Michael Gove, like Boris, was always going to be someone; he was just instantly conspicuous and authoritative, very amusing company, as if always hovering on the verge of making some very saucy remark. All the same, even though one knows his merits, I do find it a lot harder to think of Michael as a new member of Her Majesty's Opposition; I always think of his turning up at university on his first day wearing an astonishingly robust tweed suit, which even in that era of Young Fogeyism was unusual dress for an 18-year-old undergraduate. I suppose at that moment, one ought to have been able to identify a glittering career in the making, but we were too busy trying not to fall out of the window laughing.

It's the other new entrant to Parliament from my old college, though, which really makes me wonder about politicians, and makes me convinced that I could never in a million years have entered politics. It is so very awful a story of publicity-grubbing, in my view, that the perpetrator's identity deserves not to be revealed. Rag Week, in Oxford in the early 1980s, was something very few people got involved with - it was universally regarded as "infra dig". Occasionally a group of second-years would promise to wear their underpants outside their trousers for an afternoon, but most people just looked away.

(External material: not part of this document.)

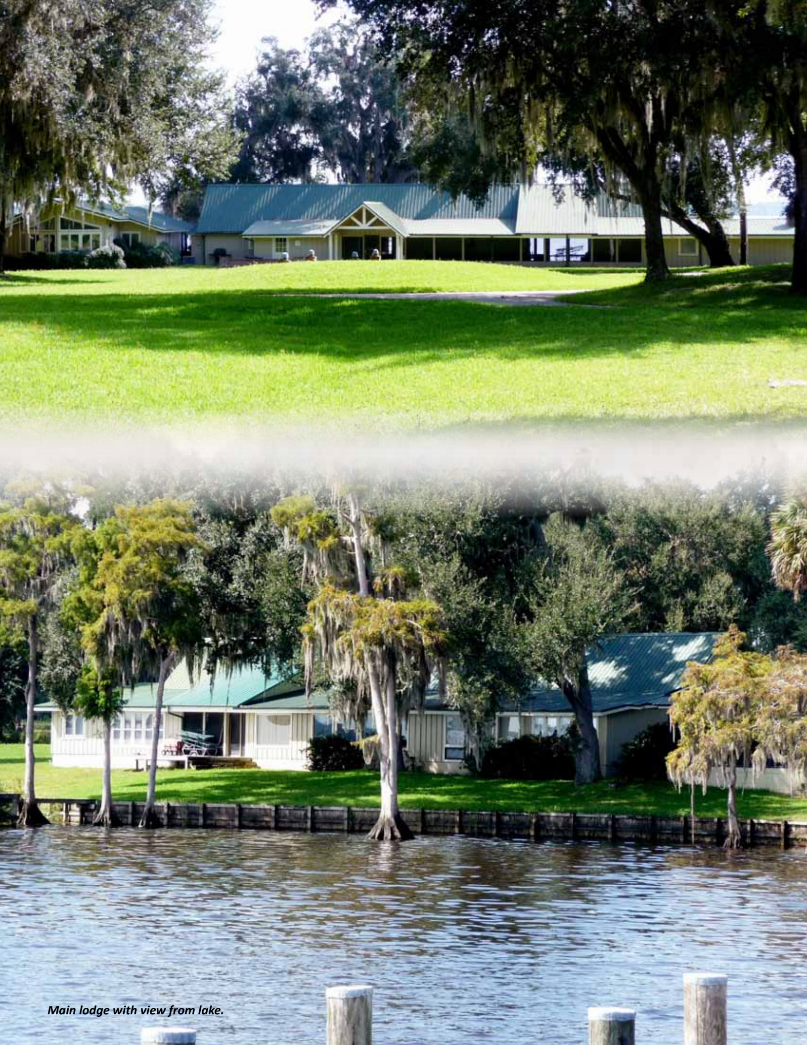
Main lodge with view from lake.

It was a total amazement then, when someone who had only just arrived volunteered a solitary stunt. To the college's astonishment, the lad had offered to do something never heard of in the long history of the Junior Common Room's limp indifference to Rag Week and all its works. He would sit, my memory tells me, in November - can this be right? - in a bath of cold baked beans in the Porter's Lodge for some immense length of time.

The whole thing was so awful that, as far as I remember, no-one ever talked about it at the time or subsequently. I never met the man - it is sort of hard to begin an acquaintance with someone when the first time you see them, they are blue with cold, up to their navel in Mr Heinz's finest, raising money for some cause but really just trying to become famous. And I wouldn't have thought that his name had stuck in my memory, until the election lists at the weekend proved me wrong.

It just goes to show that most of us could never, ever contemplate becoming politicians. We just couldn't face the loss of dignity; the obligation to wander round asking near-strangers if they would consider voting for you as Milk Monitor, Class Captain, Head Boy, JCR President, President of the Union, Candidate in the Conservative Interest, and so on, endlessly.

Let's face it, we couldn't even think of doing what many aspiring politicians do. If sitting in a bath of cold baked beans were the only way possible to raise money for the most important cause in the world, I doubt if I could bring myself to do it. Most of us could not open a fête and rib the ladies about the damson jam competition; most of us would burst out laughing if we were seriously required to repeat some of the rubbish which the Whips hand out before Question Time; hardly any of us could steel ourselves to give an interview to The Sun in which we boasted about our sexual prowess, even if it was in aid of being returned as Prime Minister. We just couldn't do it.

Thank you, in a way, to those who can; thank you even more to those who manage to do the job without compromising their dignity.